After depletion of intracellular Ca2+ stores by thapsigargin exposure of T84 cells in a nominally Ca2+-free medium, readdition of bath Ca2+ induced an elevation of [Ca2+]i larger than that observed after CCh stimulation, with a peak value of 402 ± 11 nM above baseline (n = 4, mean ± SE; Fig. 10D). This store depletion-activated Ca2+ influx was larger still in nelfinavir-pretreated cells, with a peak value of 816 ± 125 nM above baseline (n = 4, mean ± SE, P < 0.05; Fig. 10E). Moreover, the rate of subsequent [Ca2+]i decline in nelfinavir-pretreated cells was again much slower than that in untreated cells. Whereas 15 min after bath Ca2+ readdition, [Ca2+]i had declined 52 ± 6% from peak values in untreated cells, this decline was only 26 ± 4% in nelfinavir-pretreated cells (means ± SE, P < 0.0005; Fig. 10F). Thus nelfinavir pretreatment enhanced both the magnitude and duration of thapsigargin-induced store depletion-activated Ca2+ influx in T84 cells. These data suggest activation by nelfinavir of a store-operated plasmalemmal Ca2+ entry pathway.


    DISCUSSION
 TOP
 ABSTRACT
 METHODS
 RESULTS
 DISCUSSION
 REFERENCES
 
These studies provide the first mechanistic insights into the pathophysiology of API-induced diarrhea in HIV-infected patients. Nelfinavir potentiates muscarinic Cl- secretion in intestinal epithelial cells by recruitment of a slowly inactivating basolateral Ca2+ entry pathway that can be further activated by depletion of intracellular Ca2+ stores and is inhibited by basolateral exposure to Ba2+. This additional Ca2+ uptake pathway differs from that activated by CCh in the normal muscarinic signal transduction cascade, because Ba2+ has no detectable effect on CCh-activated I(ap)Cl in untreated cells. The enhanced [Ca2+]i signal induced by nelfinavir may cause or contribute to the uncoupling of a CaCC-like apical Cl- conductance from normal downregulation by IP4, pERK, and phospho-p38. The resulting prolonged activation of apical Cl- conductance contributes to (and may suffice to explain) the enhanced Cl- secretory response. This mechanism of action is distinct from that recently proposed for the chemotherapeutic agent flavopiridol, which elicits a secretory response in T84 cells via inhibition of the downregulatory signals affecting the apical Ca2+-activated Cl- conductance (27).
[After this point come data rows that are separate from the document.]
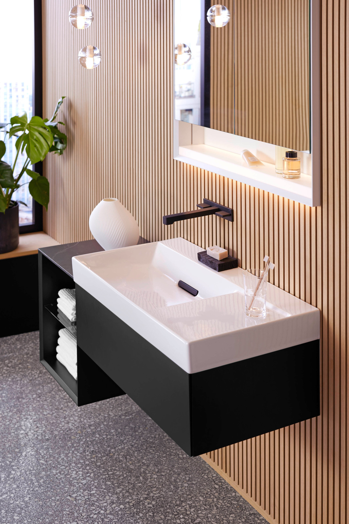 Seit der Sortimentserweiterung 2022 umfasst die Komplettbadserie Geberit „One“ Möbel in der Farbe Schwarz matt, 2023 kommen weitere Produkte dazu: Unter anderem gibt es die Unterputzvariante des Geberit „One“-Spiegelschranks neben den Farben Weiß pulverbeschichtet und Aluminium eloxiert auch in Schwarz matt. Auch die Waschtischarmatur der Serie wird in schwarz matter Ausführung erhältlich sein. Für eine farblich harmonische Waschplatzgestaltung gibt es passend dazu auch die Blende des horizontalen Waschtischablaufs in Schwarz matt, zusätzlich zu den bisherigen Farbvarianten Weiß, Hochglanz verchromt und Chrom gebürstet.
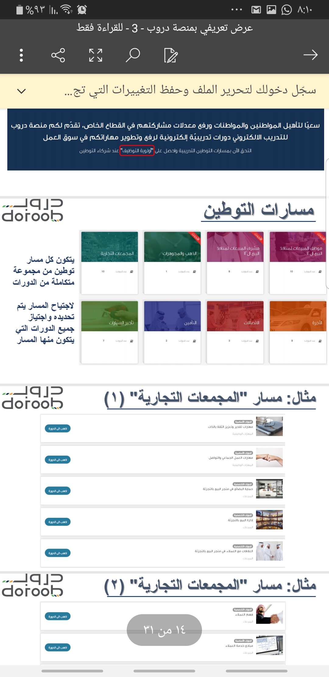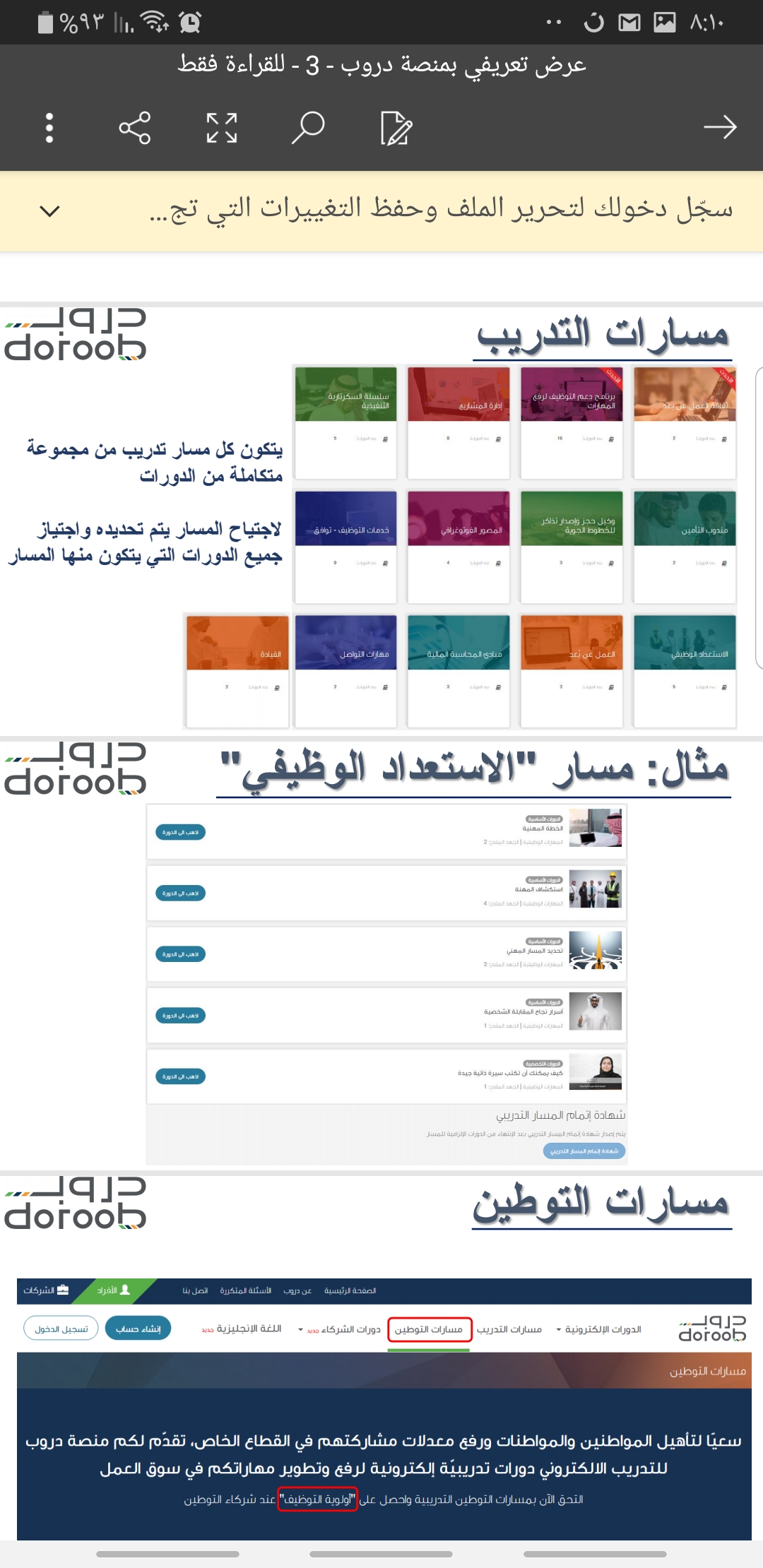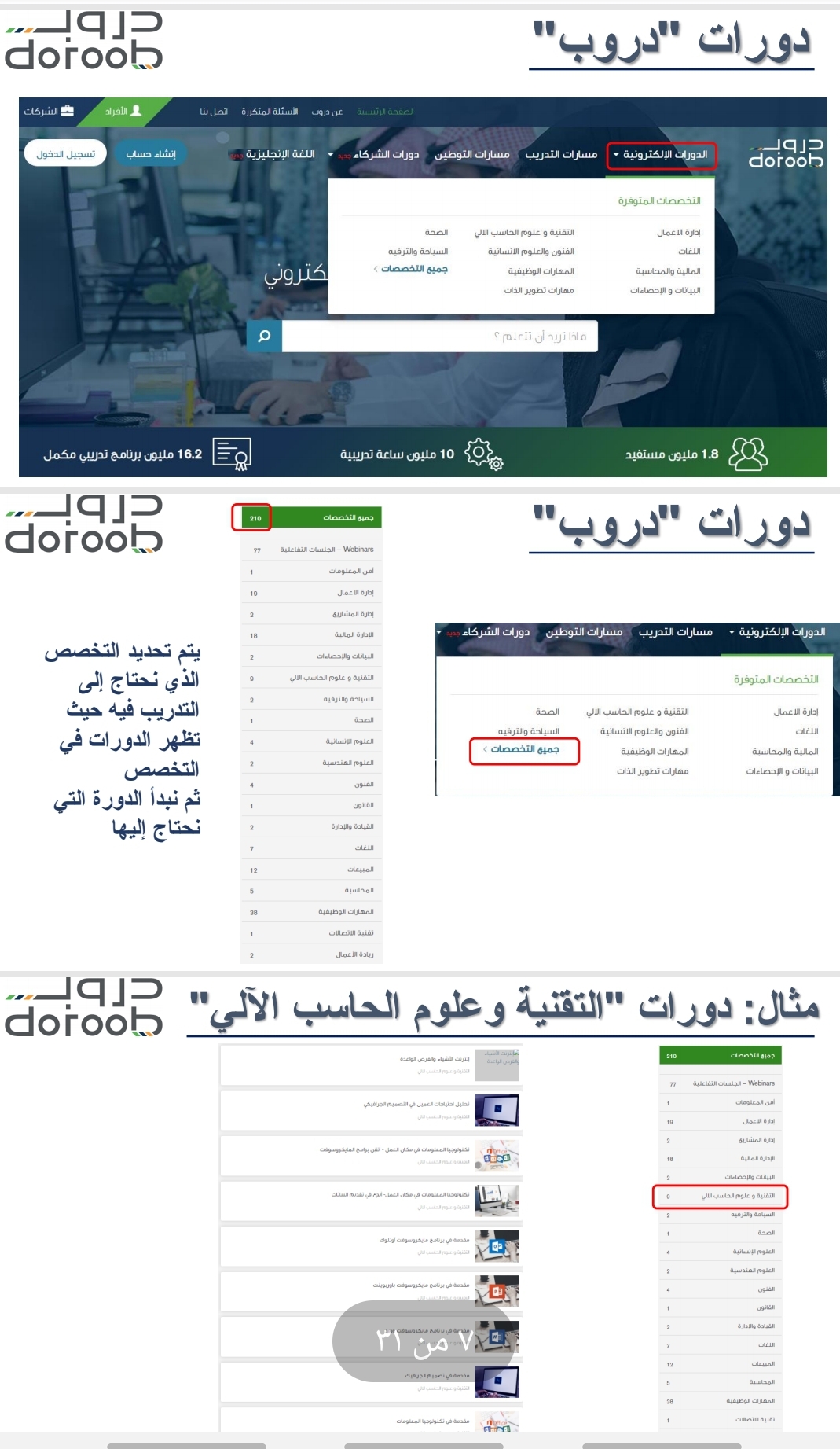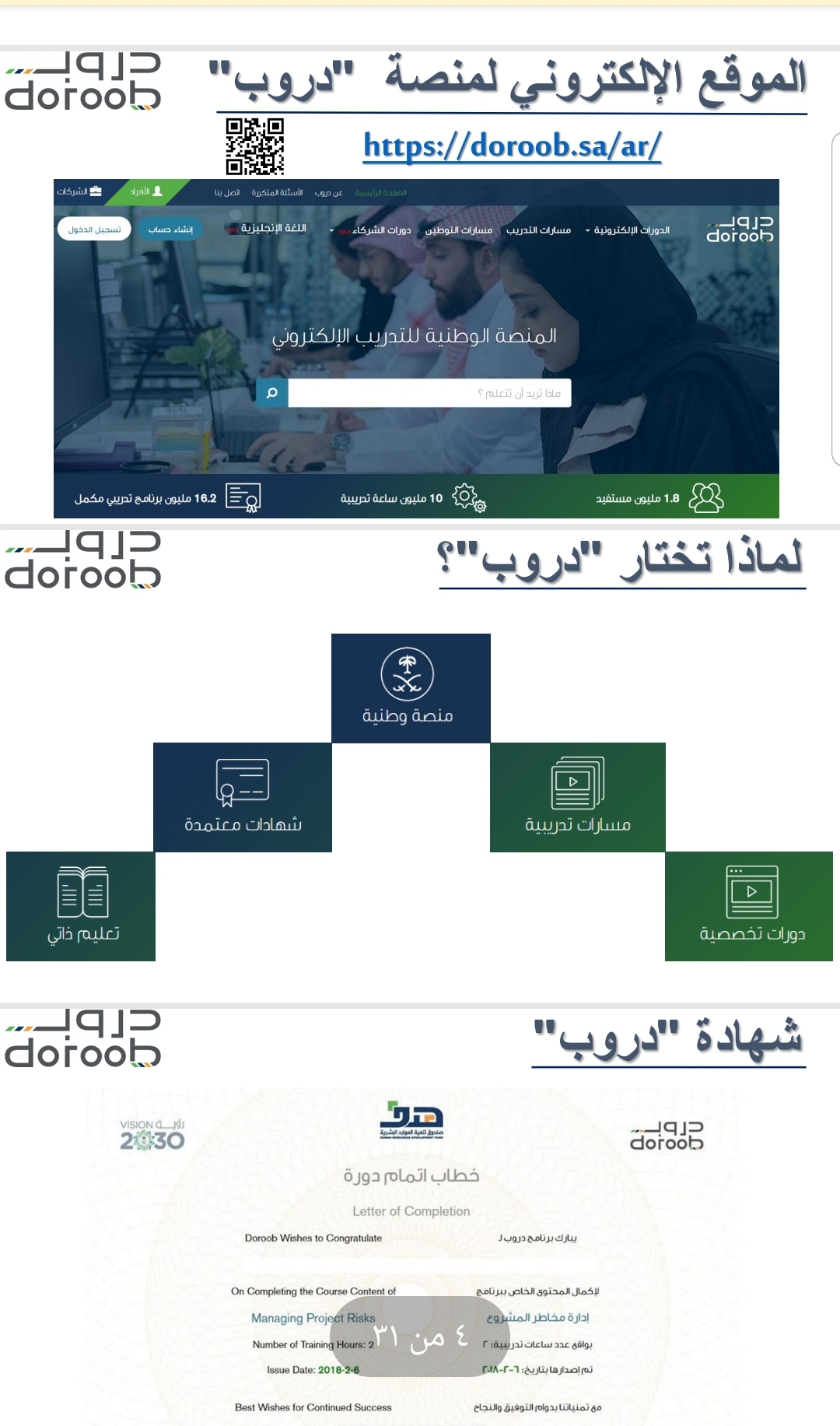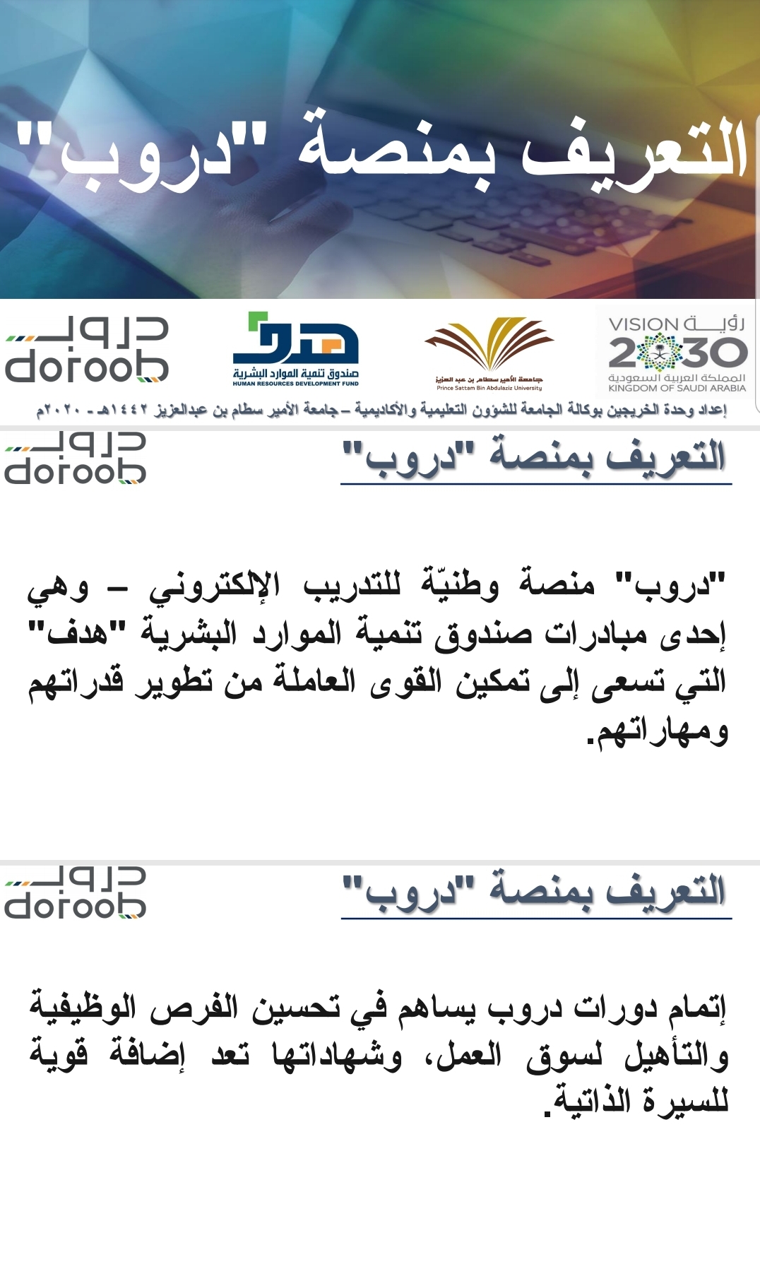 نظمت لجنة تنمية المهارات المهنية التابعة لوحدة الخريجات محاضرة اليوم الثلاثاء ٦/ ١٠ / ٢٠٢٠ في تمام الساعة السادسة مساء عبر منصة زووم تحت عنوان ( التعريف بمنصة دروب) التابعة لهيئة تنمية الموارد البشرية القتها د.سمية عايش الأستاذ المشارك بقسم المختبرات - منسقة الوحدة ولجنة تنمية المهارات المهنية وتم عرض الموضوع وشرحه بصورة مبسطة لكل من الخريجات والطالبات بقسمي التمريض والمختبرات وتوضيح مدى الاستفادة من هذا الموقع من حيث توفر الدورات التعليمية في شتى المجالات والتخصصات وتعلم اللغة الانجليزية والحصول على شهادات معتمدة عند اجتياز الدورات بنجاح بدون آي رسوم مادية وكيفية إنشاء الحساب على الموقع والتعديل فى الكفاءات والشهادات من وقت لأخر والاستفادة من الموقع في إتاحة فرص للتوظيف خاصة في كلاً من القطاع الحكومي و الخاص. ولاقت المحاضرة استحسان الحضور وتم إرسال الملف كاملًا لجميع الحضور للتعرف أكثر على الموقع.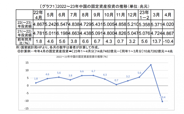 ここで、2014年~23年まで1-4月(累計)固定資産投資の図表を作成してみよう(グラフ2)。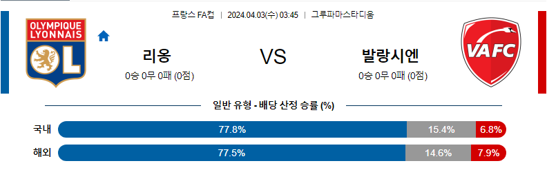 [킹콩티비] 리옹 발랑시엔 분석 4월3일 프랑스FA컵 스포츠중계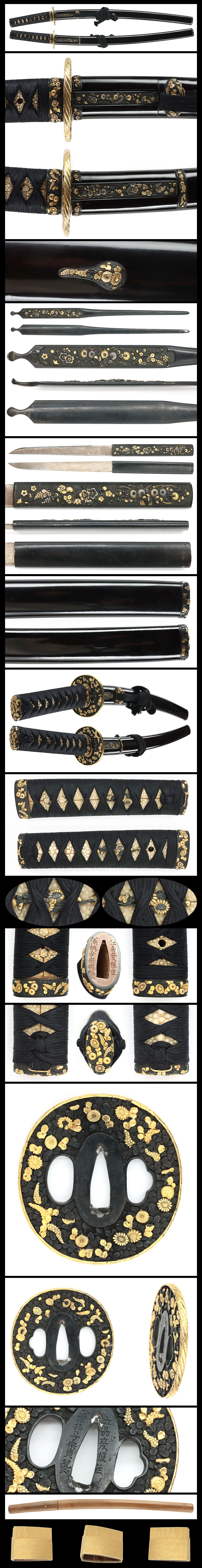 Kurikata: Kawarigane; Kaerizuno: Shakudo base with chrysanthemum motifs, decorated with gold iro-e.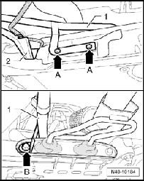- Remove bolt - arrow B - and slide exhaust pipe of auxiliary heater - 1 - upward.

On the basis of these results, we propose that nelfinavir acts in vivo directly on the intestinal mucosa to enhance the activity of muscarinic and other Ca2+-dependent agonists by recruiting an additional store-operated plasmalemmal Ca2+ entry pathway to potentiate an otherwise normal secretory response. Such a mechanism of action on intestinal Cl- secretion should initiate a secretory form of diarrhea, a prediction confirmed by our clinical studies in hospitalized HIV-infected adults. At peak in vivo plasma concentrations of 6 µM for nelfinavir, the Cl- secretory response would be near the ED50 for nelfinavir's in vitro effect on T84 cells. Thus small differences among individual patient plasma nelfinavir concentrations due to differences in drug metabolism or excretion may have large effects on Cl- secretion and diarrhea severity.

Other tested APIs also potentiate the muscarinically induced Cl- secretory response in T84 cells. Furthermore, nelfinavir effectively potentiates the Cl- secretory responses elicited by a wide range of Ca2+-dependent agonists, including those induced by bile acids often present in the human colon. Thus the secretory diarrhea described in up to 30% of API-treated patients may be the result of enhanced secretion by normal neurocrine and paracrine secretory regulators, triggered by subclinical degrees of bile acid malabsorption as well as other genetic, dietary, or environmental factors.

The apical membrane conductance potentiated by nelfinavir in T84 cells exhibits several properties characteristic of the CLCA family of Ca2+-activated Cl- conductances, including Ca2+ dependence, a preference for I- over Cl-, and sensitivity to inhibition by DTT. Although the molecular identity of the intestinal crypt cell Ca2+-activated Cl- conductance remains uncertain, members of the CLCA gene family have been proposed as candidates (3, 19). This apical Ca2+-activated Cl- conductance is thus a therapeutic target, but specific inhibitors for it and for the cloned CLCA channels remain unidentified. Chlorotoxin, active against the Ca2+-activated Cl- conductance of gliomas and astrocytes, appears inactive in T84 cells (33). Our results also show that nelfinavir effectively uncouples the apical Cl- conductance from downregulation by the intracellular mediators IP4, pERK, and phospho-p38 but has no apparent effect on basolateral K+ conductance after muscarinic activation. Thus nelfinavir may elevate levels of intracellular antagonists of these downregulatory signals to potentiate the physiological agonists of Ca2+-dependent intestinal Cl- secretion.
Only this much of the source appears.